Stored data entries:
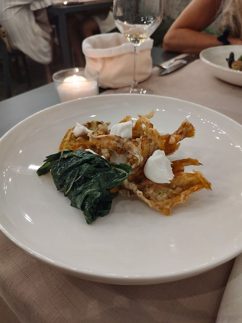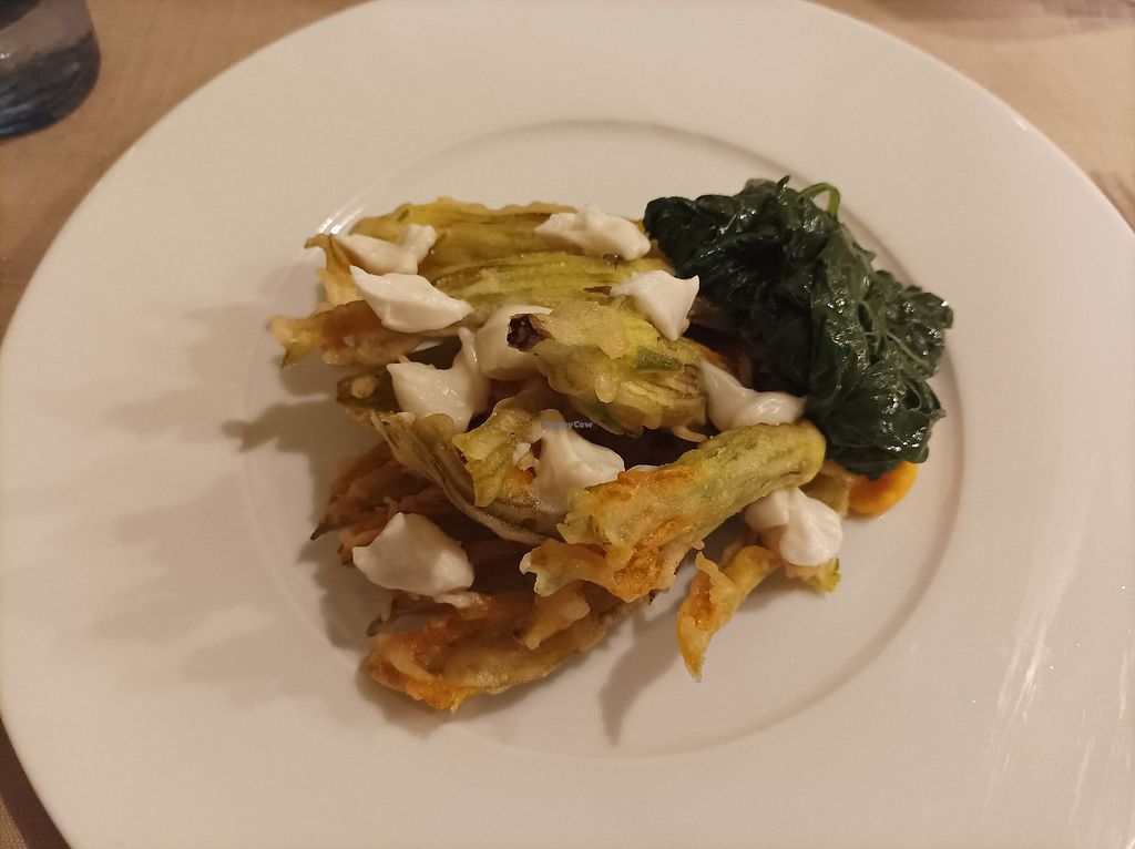 Fried Zucchini Flower πΌ with Rice Stracciatella and SautΓ© Spinach πΏ
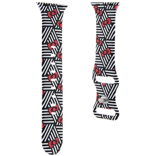 Cinturino Hello Kitty Silicone Bows & Stripes per Apple Watch 42mm / 41mm / 40mm / 38mm Series, Nero
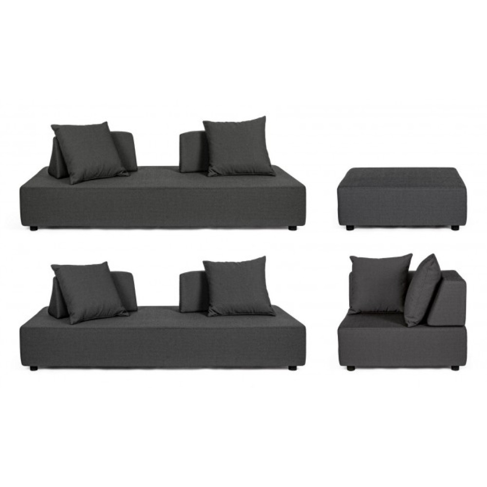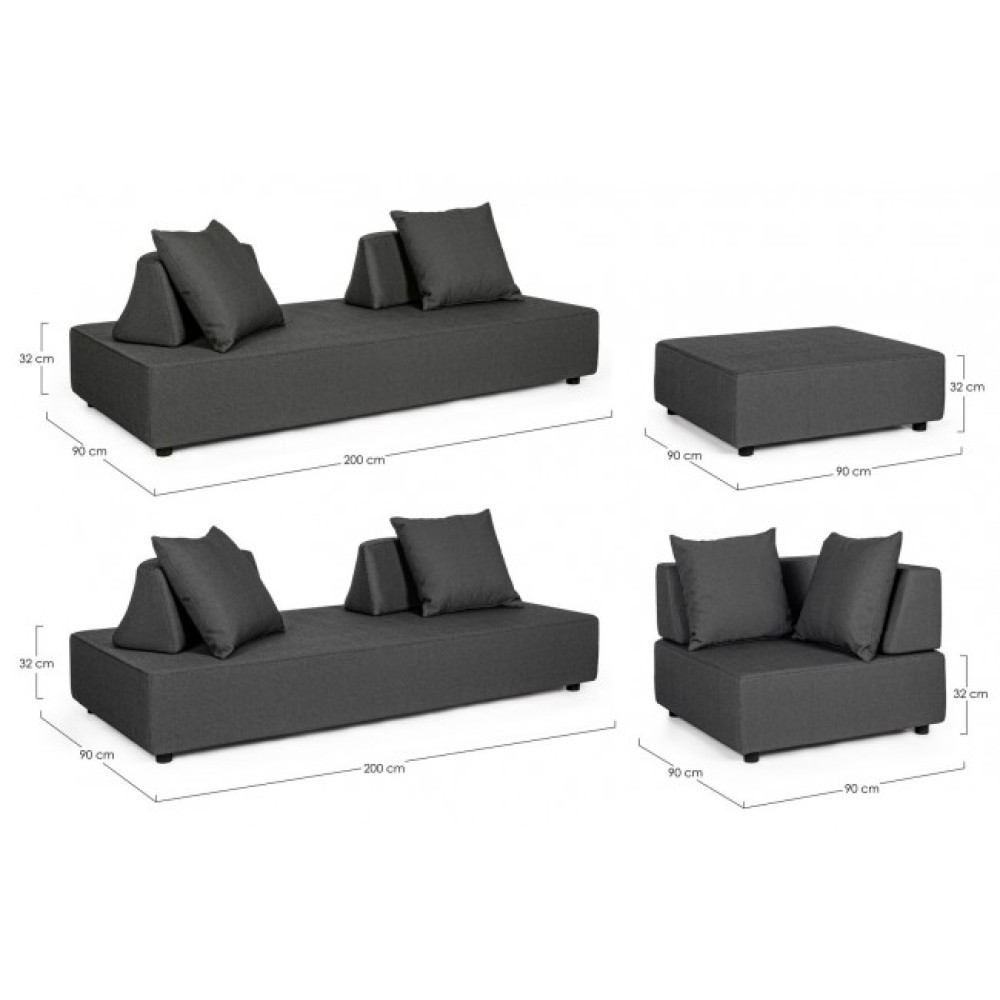 ДИВАНИ ТА ТАХТА З АЛЮМІНІЄВИМ КАРАКОМ. ЗНІМНІ СПИНКИ ЗІ СТАЛЕВИМ КАРАМОМ, ГАРЯЧИМ ОЦИНКУВАННЯМ ТА ПОРОШКОВИМ ПОКРИВАННЯМ (ПОЛІЕСТЕР). СИДІННЯ, СПИНКА ТА ПОДУШКИ ЗІ ЗНІМНИМ ЧОХЛОМ ДЛЯ ЗОВНІШНЬОГО ПОКРИТТЯ З ОЛЕФІНОВОЇ ТКАНИНИ (100% ПОЛІПРОПІЛЕНУ, 285 Г/М2), ВОДООТШЛІКУВАЛЬНОГО ТА УФ-СТІЙКОГО (7 КЛАСУ), ВНУТРІШНЬОГО ВОДОІЗОЛЬКОВОГО ТКАНИННОГО ПОКРИТТЯ (ПОЛІУРЕТАН). ПІНОПОЛІУРЕТАНОВА ПРОКЛАДКА ДЛЯ СИДІННЯ (38КГ/М3), ДЛЯ СПИНКИ (20КГ/М3). ПРЕДМЕТ СКЛАДАЄТЬСЯ З: N°2 ДИВАНІ, N°1 КУТОВИЙ ДИВАН, N°1 ТАХТА, N°4 СПИНКИ НАПІВМІСЯЦЯ, N°1 КУТОВИЙ ПІДЛІКТНИК, N°6 ПОДУШКИ. КУТОВИЙ ДИВАН: 90a - 90b - 32h ДИВАН: 200a - 90b - 32h ПУФ: 90a - 90b - 32h СПИНКА НАПІВМІСЯЦЬ: 69a - 36b - 32h КУТОВА СПИНКА: 90a - 90b - 32h
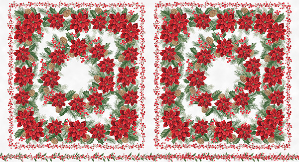 100% cotton screenprint with metallic accent. A double panel with each panel measuring approximately 21”. Avg. bolt 15 yards.
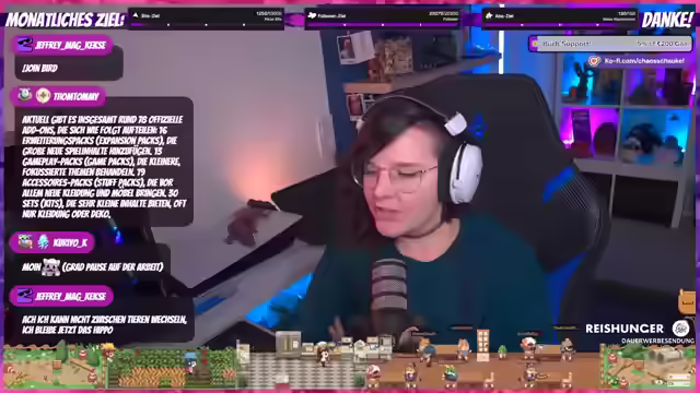 Ein neues Subscriber-Feature, das 'Not a Monday Café' mit Twitch-Integration, ermöglicht Interaktionen im Spiel. Die Streamerin spielt das kostenlose Sims 4 Base Game und integriert Zuschauer-Sims. Geplant sind Horrorspiele am Wochenende. Die Bewerbung für einen Twitch Startseiten-Slot wurde abgelehnt. Diskussionen über Addons und Urlaubspläne runden den Stream ab.
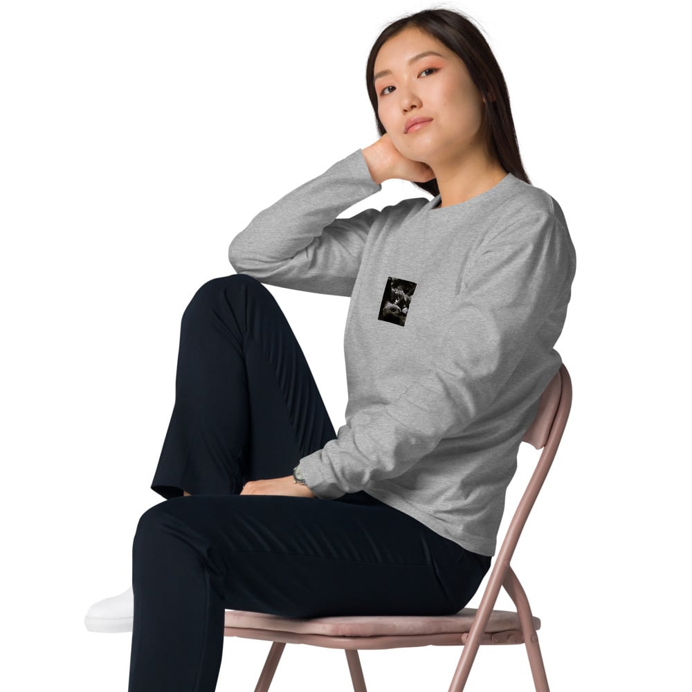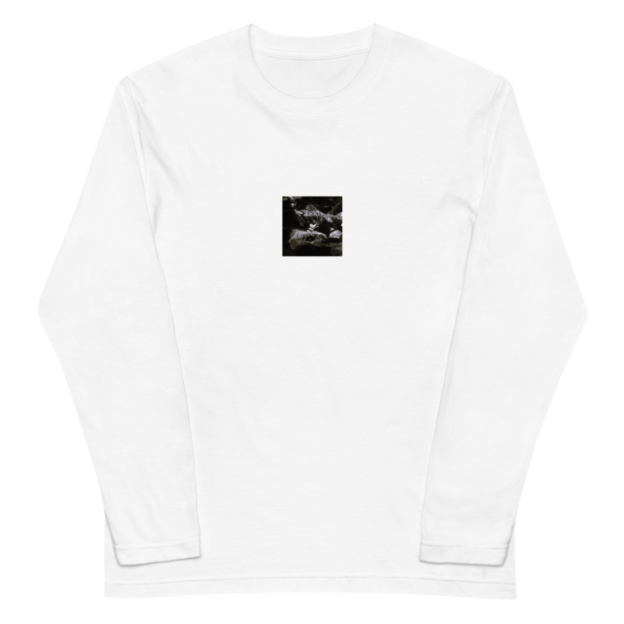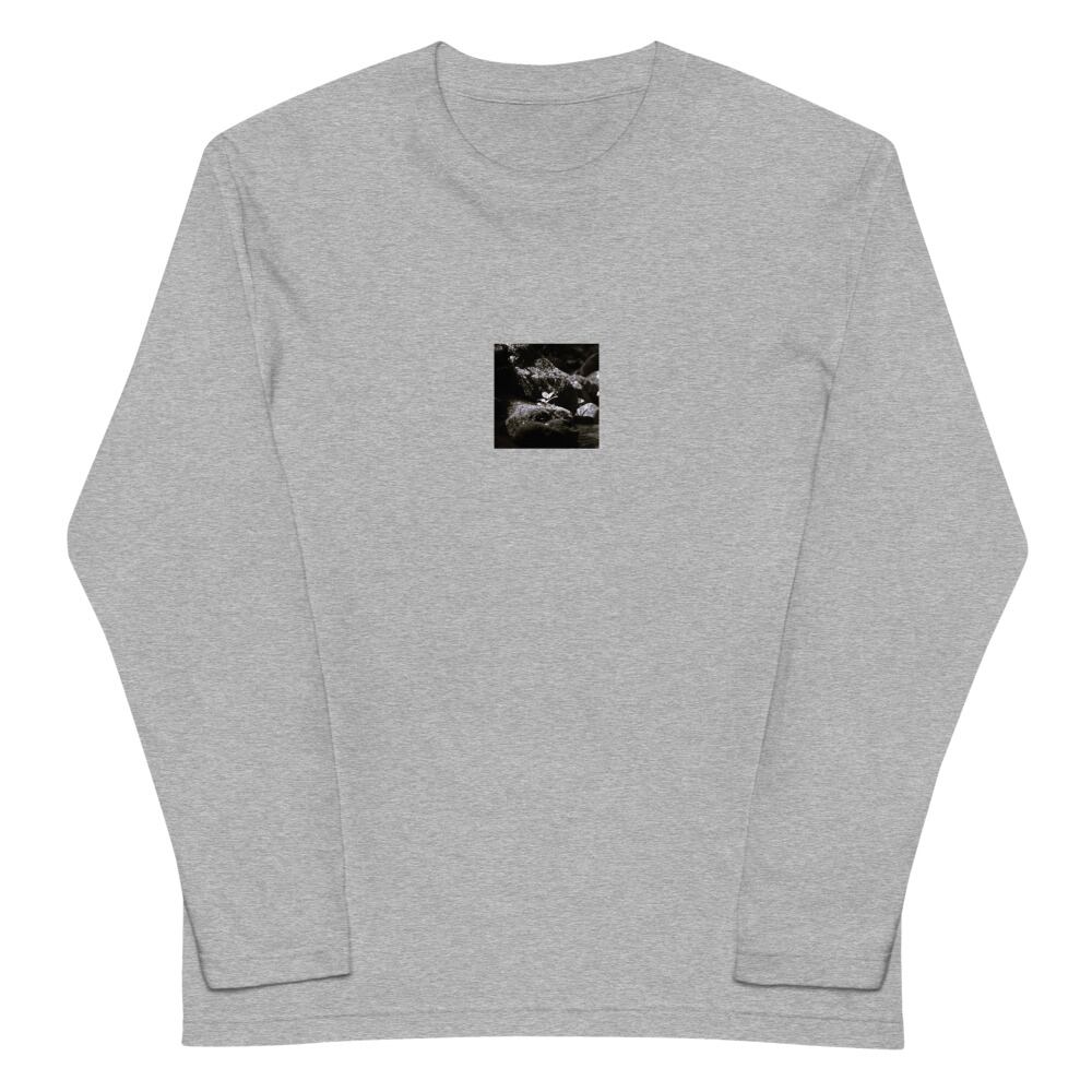 岩の上の植物 モノクロ ユニセックス長袖Tシャツ

■ Problem to solve:
What should be set down is every line from the opening of the records through the line that contains "Cinturino Hello Kitty", exactly, with pictures left out.

■ Answer to this task:
 Fried Zucchini Flower πΌ with Rice Stracciatella and SautΓ© Spinach πΏ
 Cinturino Hello Kitty Silicone Bows & Stripes per Apple Watch 42mm / 41mm / 40mm / 38mm Series, Nero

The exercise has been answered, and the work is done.